[Records drawn from a dataset]
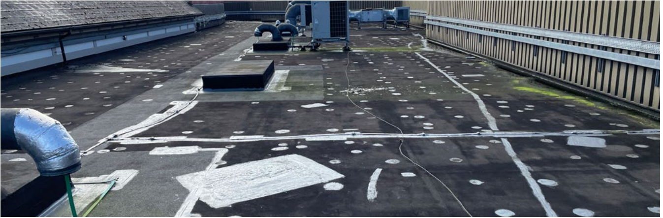
Patch repair on membrane
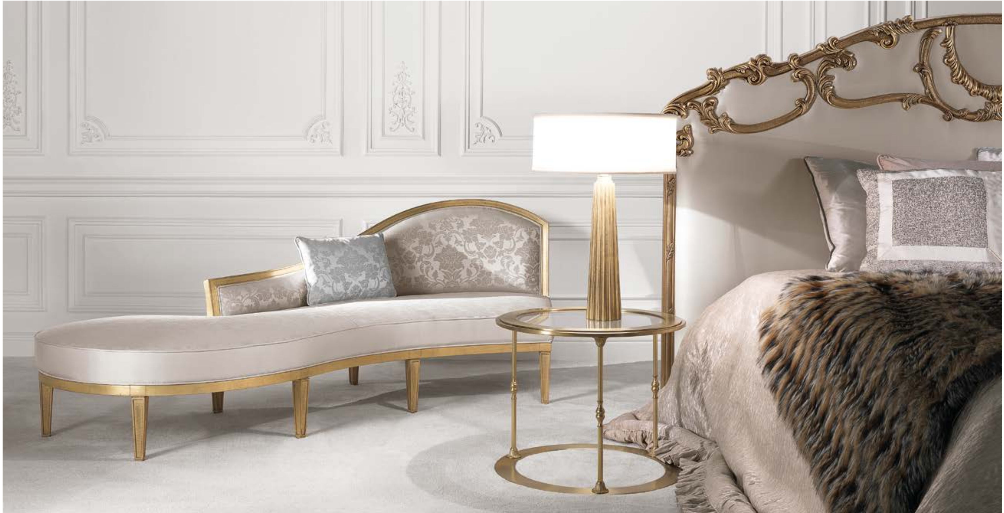
MADELEINE BED IN BRASS WITH UPHOLSTERED HEADBOARD
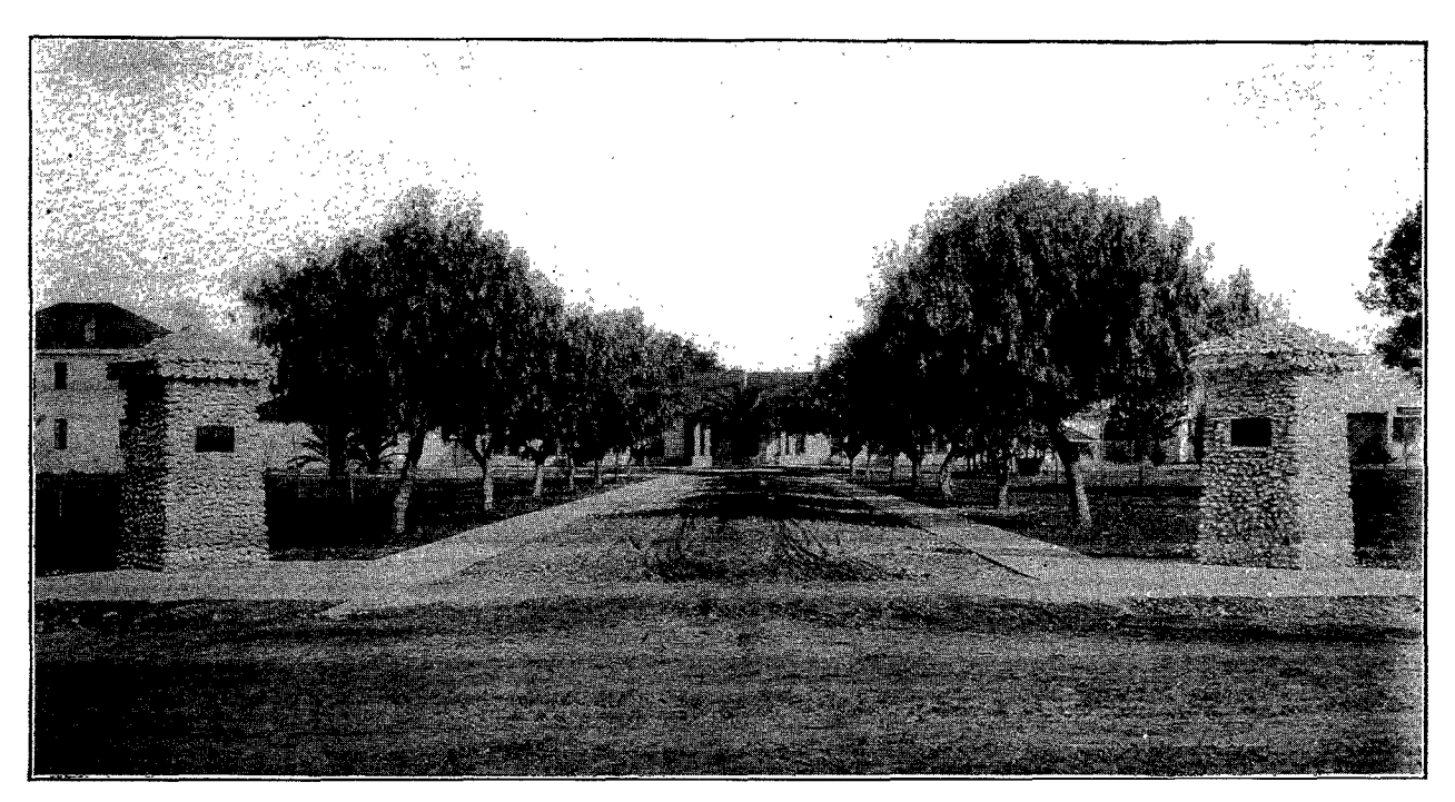
MAIN ENTRANCE TO PACIFIC PRESS PUBLISHING ASSOCIATION'S GROUNDS
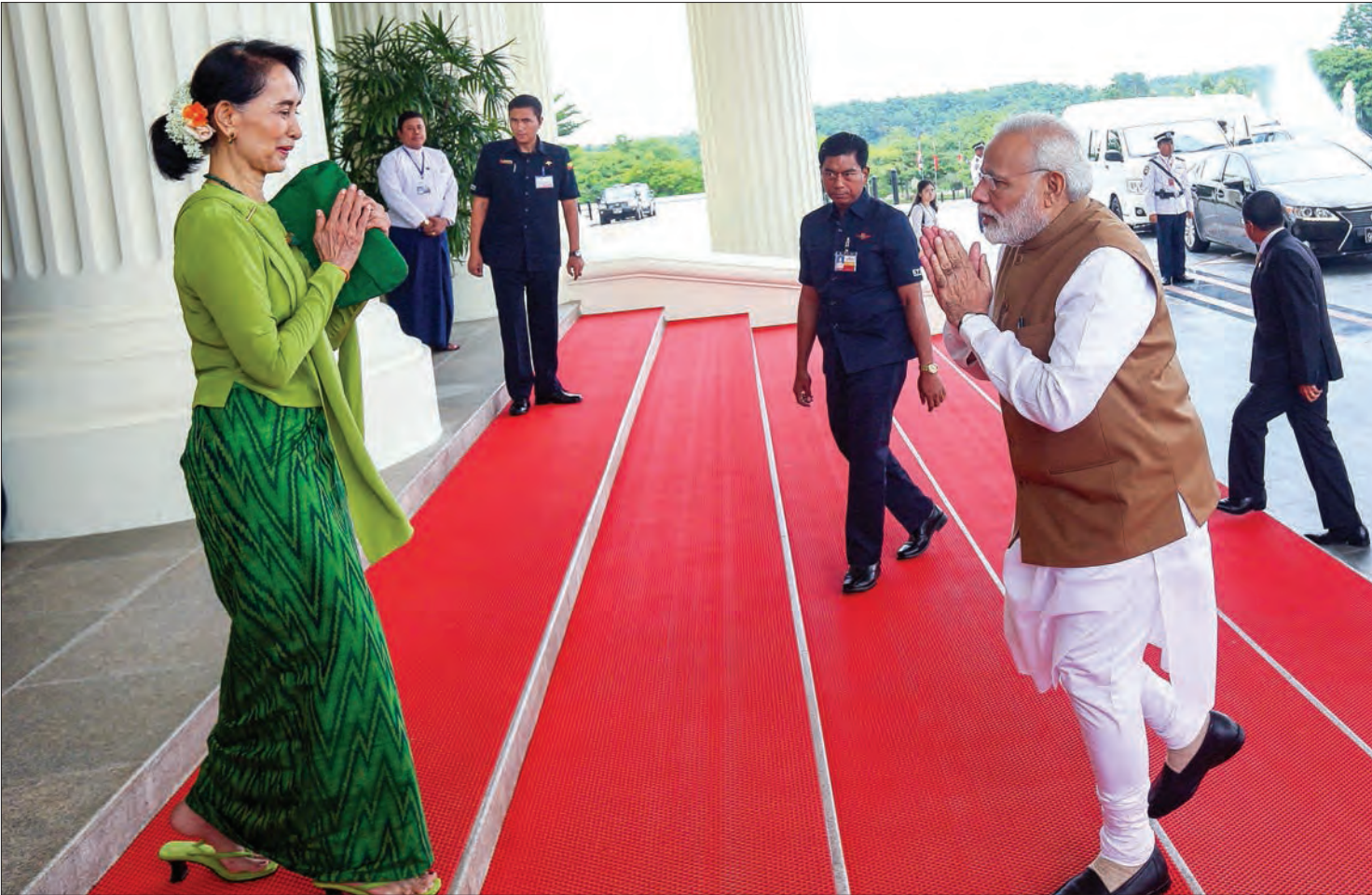
Daw Aung San Suu Kyi (left) welcomes India Prime Minister Mr. Narendra Modi as he arrives in Nay Pyi Taw for a state visit.
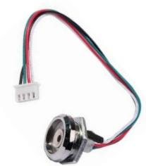
iButton system probe.
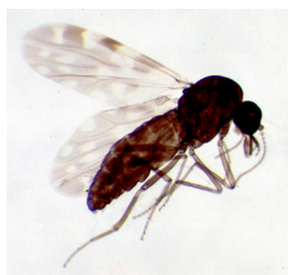
Culicoides cornutus adult biting-midge, showing typical patterned wings and short.

Epizootic hemorrhagic disease (EHD) is caused by a virus that primarily affects white-tailed deer and can also affect mule deer, pronghorn antelope, and rarely cattle. The virus is picked up by tiny Culicoides midges, also known as "no-see-ums" or gnats, when the midges bite an infected host. The midges transmit the virus to another host through a subsequent bite, continuing the disease cycle.
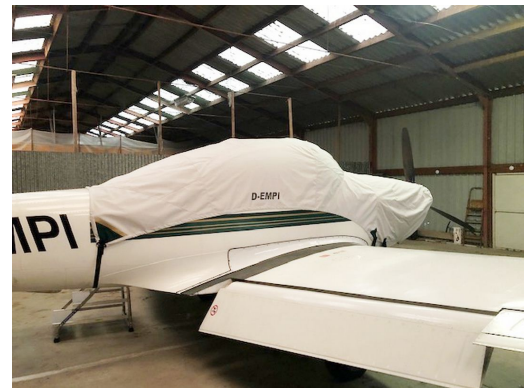
Piaggio FW-149D Canopy/Engine Cover
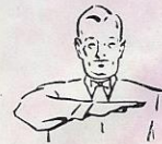
Illegal Motion or Formation at Snap
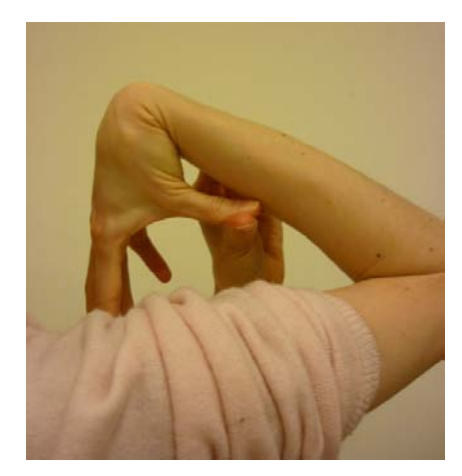
Figure 1 Thumb touches forearm.
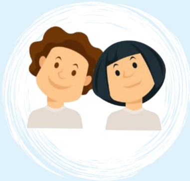
TOUCHING INFECTED HEAD

**Assignment:** From the first line to the last, set down the records word for word and drop the images.

**Task solution:**
Patch repair on membrane
MADELEINE BED IN BRASS WITH UPHOLSTERED HEADBOARD
MAIN ENTRANCE TO PACIFIC PRESS PUBLISHING ASSOCIATION'S GROUNDS
Daw Aung San Suu Kyi (left) welcomes India Prime Minister Mr. Narendra Modi as he arrives in Nay Pyi Taw for a state visit.
iButton system probe.
Culicoides cornutus adult biting-midge, showing typical patterned wings and short.

Epizootic hemorrhagic disease (EHD) is caused by a virus that primarily affects white-tailed deer and can also affect mule deer, pronghorn antelope, and rarely cattle. The virus is picked up by tiny Culicoides midges, also known as "no-see-ums" or gnats, when the midges bite an infected host. The midges transmit the virus to another host through a subsequent bite, continuing the disease cycle.
Piaggio FW-149D Canopy/Engine Cover
Illegal Motion or Formation at Snap
Figure 1 Thumb touches forearm.
TOUCHING INFECTED HEAD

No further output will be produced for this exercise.